The “Winner’s Curse” has a nice corresponding idea in warfare: Pyrrhic victory. King Pyrrhus of Epirus won battles against the Romans, but the losses were so great his army was vastly weakened. I imagine the “Winners Curse” being a larger problem for firms with fewer resources; larger firms may be willing to take the losses to drive out the competition via attrition (sort of like the Romans to Pyrrhus or Russians to the Germans). This is sort of like predatory pricing, with the hope being to someday be a monopoly. Also, the stories of promised Pyrrhic victories from page 174, especially Pacific Telephone hiring a prominent auction theorist to give seminars to the competition on the Winner’s Curse, were amusing.
On the subject of reserve prices: I wonder how often the values are set at the wrong levels in government run auctions? I’d have liked to see more information on this, and how good reserve prices are to be chosen. Consulting experts I imagine, and comparing similar auctions (which I’ve been told caused part of the bubble in one speculation market: Comic books). A few less than rational actors bid up a similar item, and then others expect to be able to sell their items for similar amounts.
The Bug Auctions paper’s use of the abbreviation VM for vulnerability market causes a name collision in my head, not sure that is the best term to go with but it works for the paper. Looking over page two of the Bug Auctions paper, there is another contest I can think of that may be interesting to look at, Pwn2Own from tipping point:
In this case it’s not the product vendor directly offering the prize, but a third party security company. In the case of auctions, I wonder how third party security companies would come into the mix; their influence did not seem to be a major expectation of the paper. For example, an IDS company may be interested in paying for exploits so they can write signatures and offer/market better protection to their customers. In some cases the third party security company may have deeper pockets than the original producers (especially with open source software projects). How should rules be set up in regards to the sharing of information goods? Is the third party security company obligated to the pass on the information to the producer if they buy it first? How often is it better for the third party security company to buy the bug for themselves, as oppose to let the producer buy it and then reverse engineer the patch to make a signature or mitigation?
Some of the assumptions about the black market I’m not sure are true.

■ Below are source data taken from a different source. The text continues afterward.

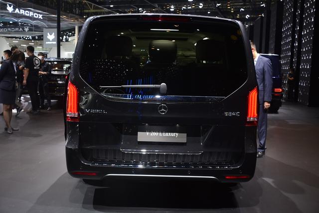车尾方面,新一代奔驰V级首先映入眼帘的是硕大的后玻璃及银色镀铬装饰条,搭配细长的导流板设计并集成高位刹车灯,看上去非常豪气。新车两侧竖式尾灯组造型格外新颖,预计在夜间点亮之后拥有不错的辨识度。
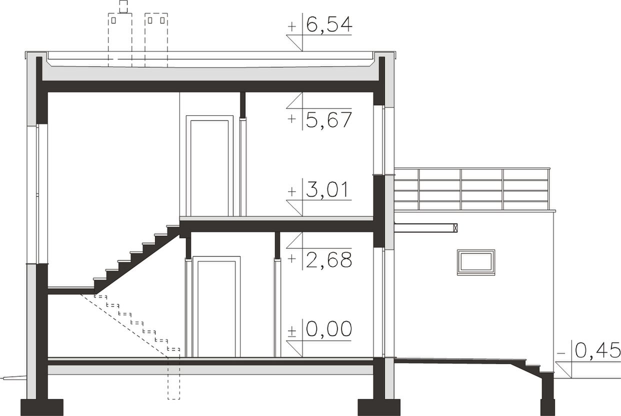 Fundamenty - rozwiązanie o podwyższonej izolacji termicznej. Ściany zewnętrzne - Bloczek silikatowy 24 cm + styropian 20 cm. Strop - gęstożebrowy. Dach - stropodach żelbetowy. Ogrzewanie - c.o. grzejnikowe + c.w.u. - kocioł gazowy. Wentylacja - rekuperacja.
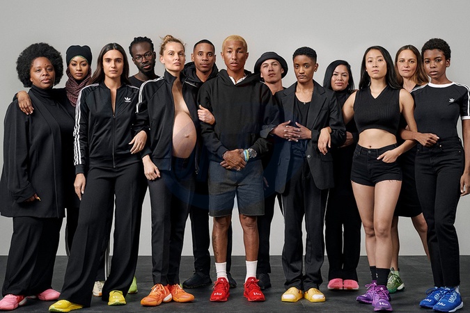 Pharrell Williams z roznymi kobietami w kampanii Adidas

I’m not sure a risk neutral bug finder will generally sell to the producer and not the black market for fear of legal action, that depends on how the bug finder evaluates the effectiveness of the law and the producer’s investigative abilities. Attribution of exploit code can be a tough thing to do. That said, if the bug finder does not already have ties to the black markets I’d imagine he would just sell to the producer since the point of contact would be easier. I’m not sure the “sleeps with the fishes” scenario (page 8) is as likely as the paper’s author; it might make more rational sense to put the vulnerability researcher on retainer than to kill the goose that lays the golden eggs (at least till the vulnerability researcher is found moonlighting for someone else). Also, some of the mitigations put forth in the paper to avoid cheating may make the vulnerability researcher just skip the whole official process if it makes it to laborious to get paid. A bug finder may accept a lesser payout in exchange for a simpler process.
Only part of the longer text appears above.